Aimless But True Ramblings

These are the aimless, but true ramblings in this person's "so-called life."

Saturday, May 10, 2003

Hello my loyal fans. I am just peachykeen today. I had work, a lesson, and then a piano recital to go to today. The recital went well despite the fact I was the only Gentile there, and they were all snobby pseudo smart people who really got on my nerves. At the moment I am at my cousin's house watching The Ring, which I have no desire to see, so instead I am "blogging." I really have a splitting headache, and I don't know if its from the weather or my cold or what, but I'm hoping my aunt has mad drugs here that I can take to ease my pain. Hell, I hope she has mad drugs for me to take every day to ease my pain. In two weeks, I have to go get a physical to start college, and boy, do I have tons of things to "chat" about with my doctor. For the sake of my male readers, I'll leave it at that. Well I bid you adeu for tonight, tomorrow is Mother's Day.

Friday, May 09, 2003

"Stressed spelled backwords is desserts." Yeah so I was stressed this week cause of my AP tests, and now it is time for dessert! :P I am free. Free of calculus, and essays, and tests...at least for a few weeks anyway. Then the cycle repeats itself again for college. I just voted for my friends' cousin's band at the Philly Music At Night Awards webpage. Apparently my uncle's band was also up for an award of Best Irish Band. I voted for them as well, even though everyone knows Blackthorn will win. It amazes me how everyone worships the ground those guys walk on, yet all they are is plastic paddy music. My uncle's band tries to get more traditional, along with the plastic. It's a pleasant mix. So anyway, if any of you out there have some time, vote for Erica's cousin's band, Blivit, and for her cousin Dave Palan, bass player. Then, vote for my uncle's band the Bogside Rogues under Best Irish Band. Here's the website: http://www.phillyatnight.com/musicawards/

"Thank you for your time, and your money." -Miss Kleoh (aka Tamara Thompson)

Rock Steady Roll Ready.

Sunday, May 04, 2003

So here it all goes.

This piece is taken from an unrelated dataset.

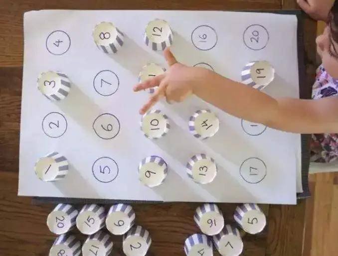 纸杯底部数字和圈中数字对应,锻炼幼儿的反应能力,在玩的同时学数学,有心的家长还可以玩出多种花样。 3. 推球游戏

I'm gonna bitch today like I have never bitched before. I hate being me. I hate looking at me, and feeling like me, and having the life of me. I cannot take much more of this. It has to end sometime, why can't it all end now? There is no justice. I have been betrayed, used, and hurt like no other, so when is it my turn to have what they have? When is it my turn to be happy? They tell us in school we should be grateful for suffering....it brings us closer to God. I'm sorry....but I am not feeling bloody grateful. Screw new direction. Vanilla Sky was a quick fix for what has been eating at me. I don't think I'll ever find the complete treatment for this pain.

"It is finished."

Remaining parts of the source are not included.